### DIRECTIONS
Print every line from the start of the data, and when you reach the line with "Velocity and streamline", include it and stop. Pictures are not part of the copy.

### SUPPLIED DATA
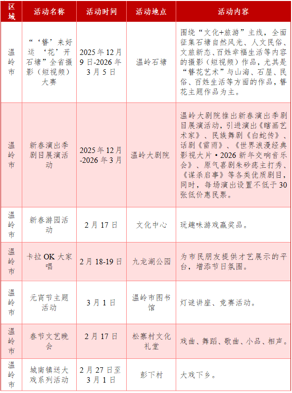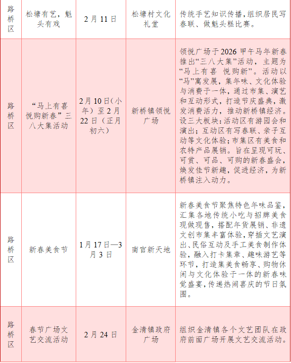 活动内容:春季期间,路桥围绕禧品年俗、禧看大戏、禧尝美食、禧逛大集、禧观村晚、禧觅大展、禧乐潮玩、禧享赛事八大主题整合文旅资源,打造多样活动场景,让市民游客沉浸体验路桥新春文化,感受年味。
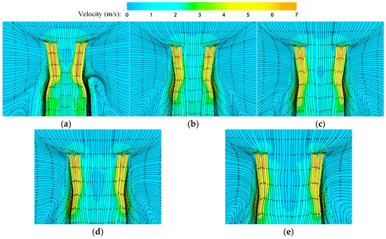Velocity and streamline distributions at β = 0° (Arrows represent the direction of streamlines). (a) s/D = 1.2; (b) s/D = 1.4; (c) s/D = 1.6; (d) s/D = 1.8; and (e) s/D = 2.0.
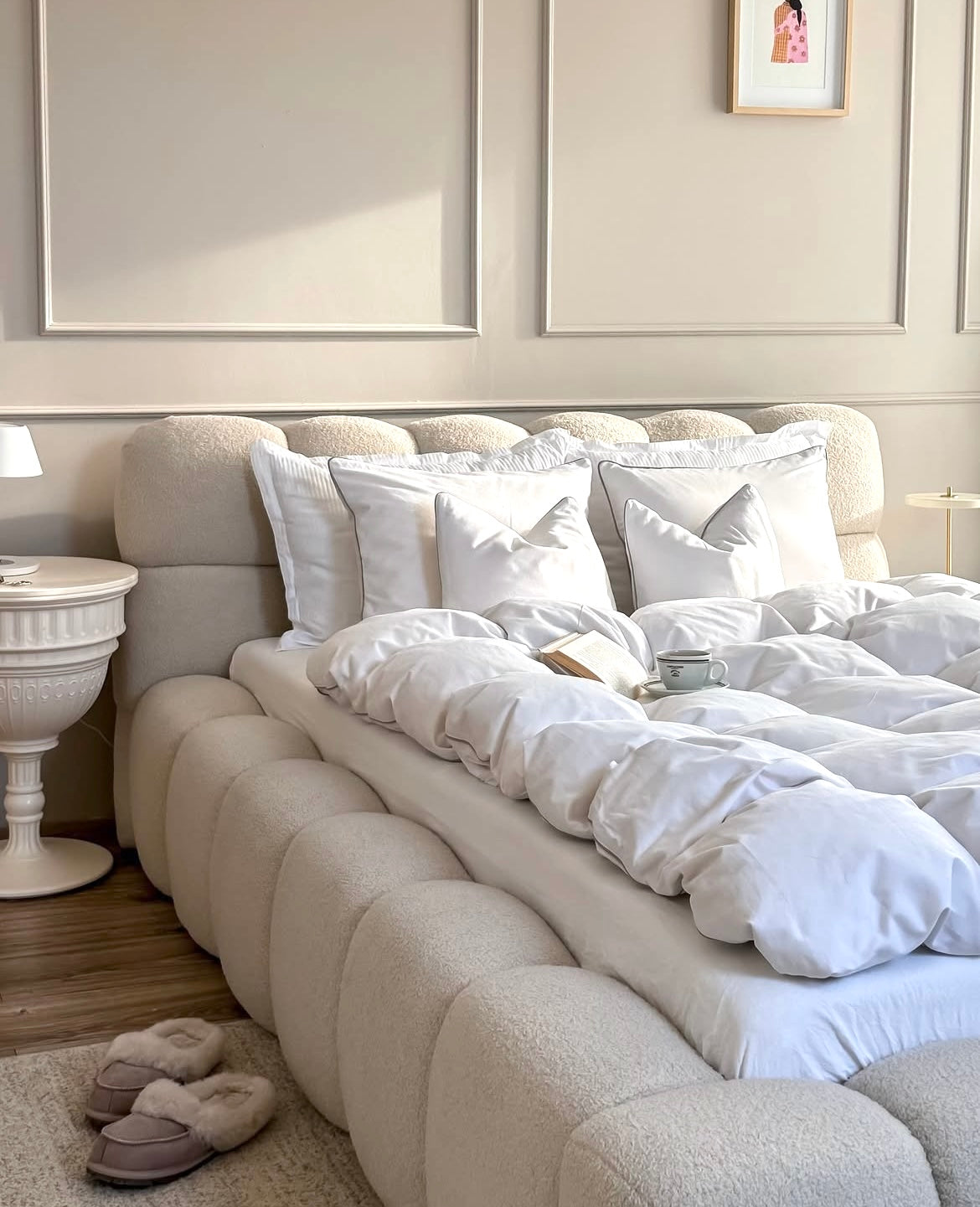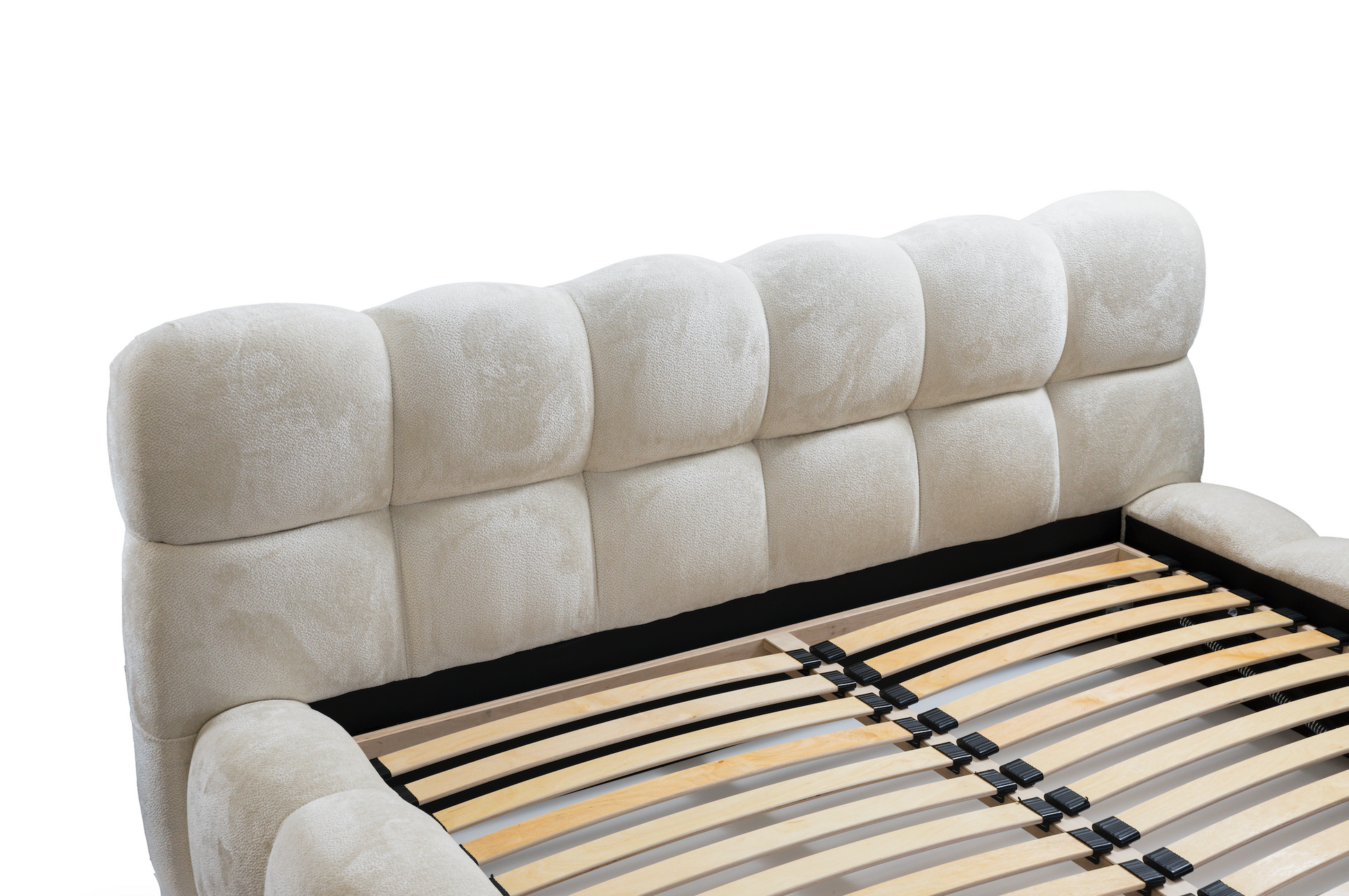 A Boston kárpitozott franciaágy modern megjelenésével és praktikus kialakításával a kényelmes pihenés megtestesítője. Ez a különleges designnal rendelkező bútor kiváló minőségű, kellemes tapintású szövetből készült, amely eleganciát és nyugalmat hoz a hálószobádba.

### RESULT FOR THIS EXERCISE
 活动内容:春季期间,路桥围绕禧品年俗、禧看大戏、禧尝美食、禧逛大集、禧观村晚、禧觅大展、禧乐潮玩、禧享赛事八大主题整合文旅资源,打造多样活动场景,让市民游客沉浸体验路桥新春文化,感受年味。
Velocity and streamline distributions at β = 0° (Arrows represent the direction of streamlines). (a) s/D = 1.2; (b) s/D = 1.4; (c) s/D = 1.6; (d) s/D = 1.8; and (e) s/D = 2.0.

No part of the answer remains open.